In Saïda, the lambs frolic again in the grass among the wild mustard plants, young thistles, daisies and other umbellifers. Herders do not seem to have learned the lessons of the past drought. They remain with their traditional practices: the use of spontaneous flora whose food value is three times less than fodder.

In Tahent (Tunisia), Ali Omari, the breeder testifies: “With el khalt [the mixture], the lambs have more to eat. I sow a mixture made up of several forages: barley, oats, sulla, halba, guerfalla. The grazing period is thus longer and the ewes better fed. »

In Algeria, the agricultural services are groping. In the 1980s, they tried to develop a fodder, the médicago; but in vain. For periods of scarcity, local agronomic research has proposed the development of survival foods based on by-products from agro-food industries and nitrogen supplementation of urea-based rations, but the extension does not follow.

Recently, the Ministry of Agriculture and Rural Development launched a triangular agreement between breeders, slaughterhouses, and the National Cattle Feed Office (ONAB).

In the steppe zone, the HCDS has developed a policy dynamic for small hydraulics by building dykes in the bed of the wadis for the spreading of floods. These structures, which require few resources, make it possible to irrigate small areas of barley. Areas have been planted with fodder shrubs and others have been protected for 3 to 4 years to allow the steppe vegetation to recover.

Feed 45 million people and 28 million sheep

In Algeria, agriculture must feed 45 million inhabitants and the 28 million sheep listed. It has to be said that mutton competes dangerously with consumers’ supply of wheat.

This competition does not take place only at the level of diversions noted at the level of certain flour mills. It is more sneaky in terms of resource allocation. A third of the local cereal production consists of barley.

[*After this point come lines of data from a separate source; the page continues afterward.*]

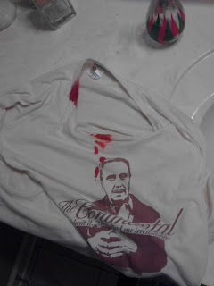 This is a surprising amount of blood for me to have had absolutely no clue that I was cut or how it had happened. Obviously, I had angered some deity. The blood god demanded a sacrifice, and only Greg brand Sangria would slake Quetzalcoatl's thirst. That, or The Walken was angered that I wore his graven image, and his fury knew no bounds.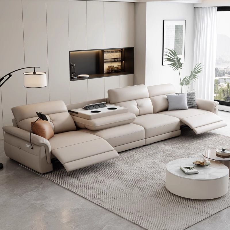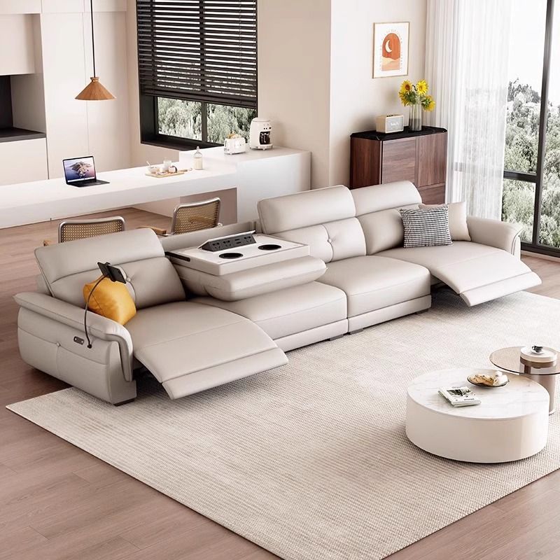 塞纳春天智能电动真皮沙发零靠墙简约现代多功能皮艺沙发抬脚直排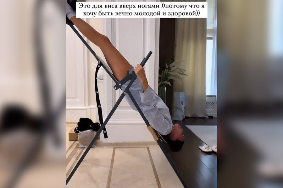 Блогер Оксана Самойлова в своем Instagram (владелец компания Meta признана в России экстремистской и запрещена) в ироничной манере пообещала ежедневно делать упражнения на инверсионном столе ради сохранения здоровья и молодости.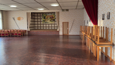 (In den Bildern zu sehen: Der Blick von der Bühne auf den lichtdurchfluteten Saal, der Blick auf die Bühne und der Blick auf einen Nebenraum, der ebenfalls für Veranstaltungen genützt werden kann. Die Bilder sind allesamt ©Bernd Robker.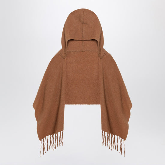 Brown wool and cashmere cape by destin surl, featuring hood and fringed edges.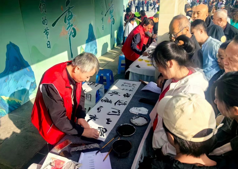 参加全国2024“我们的节日·重阳”主题主场活动的志愿者书写毛笔书法。(陕西省委宣传部文明实践处供图)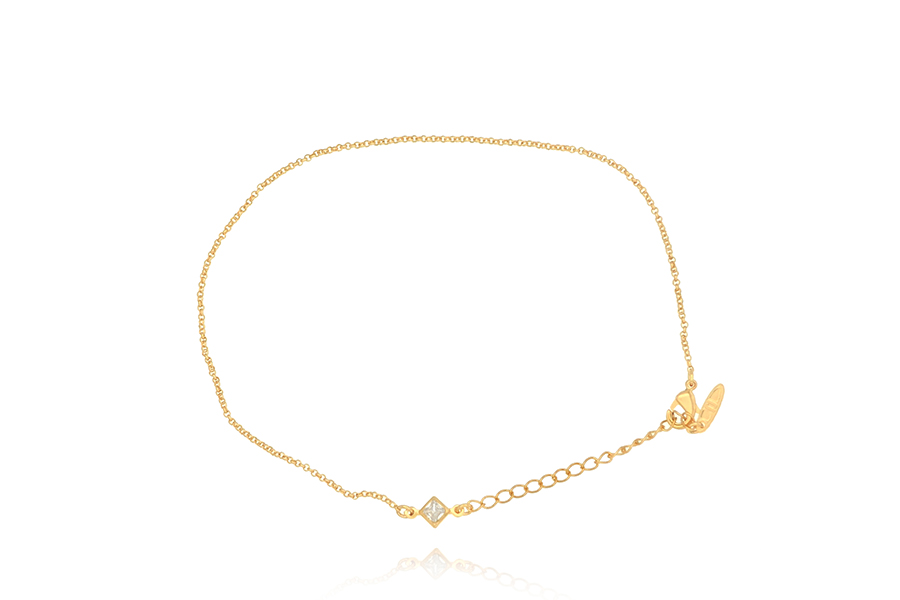 TORNOZELEIRA BANHADA EM OURO, ELO PORTUGUÊS 1,50mm, 23cm COMPRIMENTO E ZIRCÔNIA QUADRADA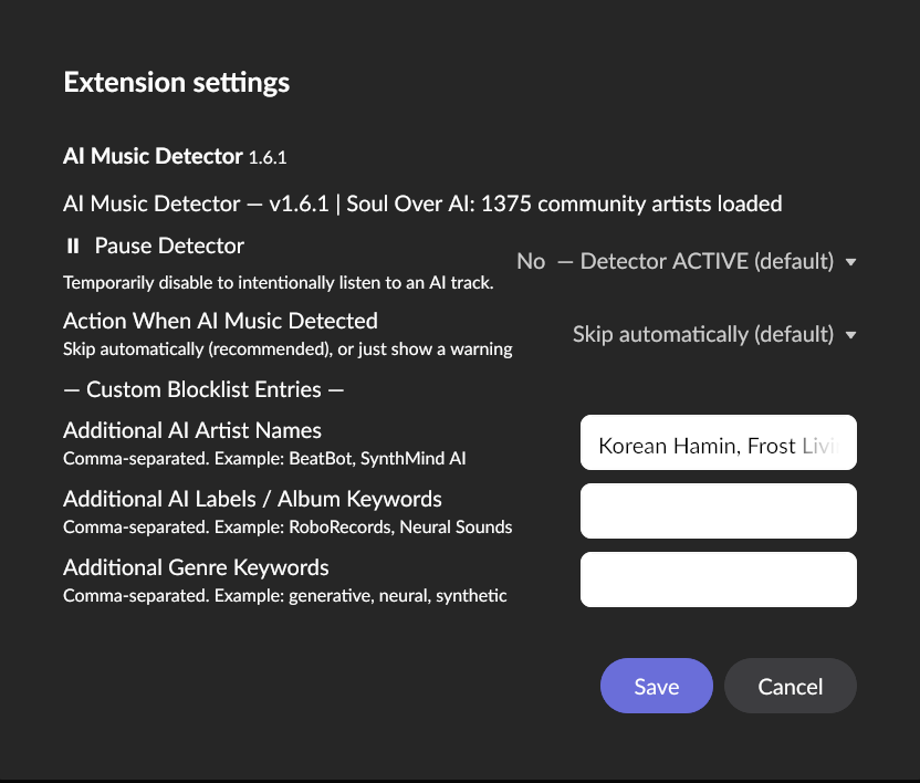 I’d welcome feedback, additional AI artist names to add to the built-in list, and any interest from developers in building a maintained successor to the Soul Over AI database specifically for streaming platform AI artists. That would make this extension significantly more powerful over time.

But this food product goes to livestock and a good part of the wheatland is used as pasture.

In its April 2022 report, Group 3 of the Intergovernmental Panel on Climate Change IPCC noted that “the reduction of the space dedicated to intensive crops (for example in favor of reforestation projects or agro-ecological) can only be done if we transform our food globally, and in particular reduce our consumption of animal products (a primary source of occupation of natural spaces).”

In Algeria, extensive sheep farming continues using outdated techniques. Old habits die of life. At the current price of a tonne of imported wheat, a kilo of mutton is expensive for the state budget.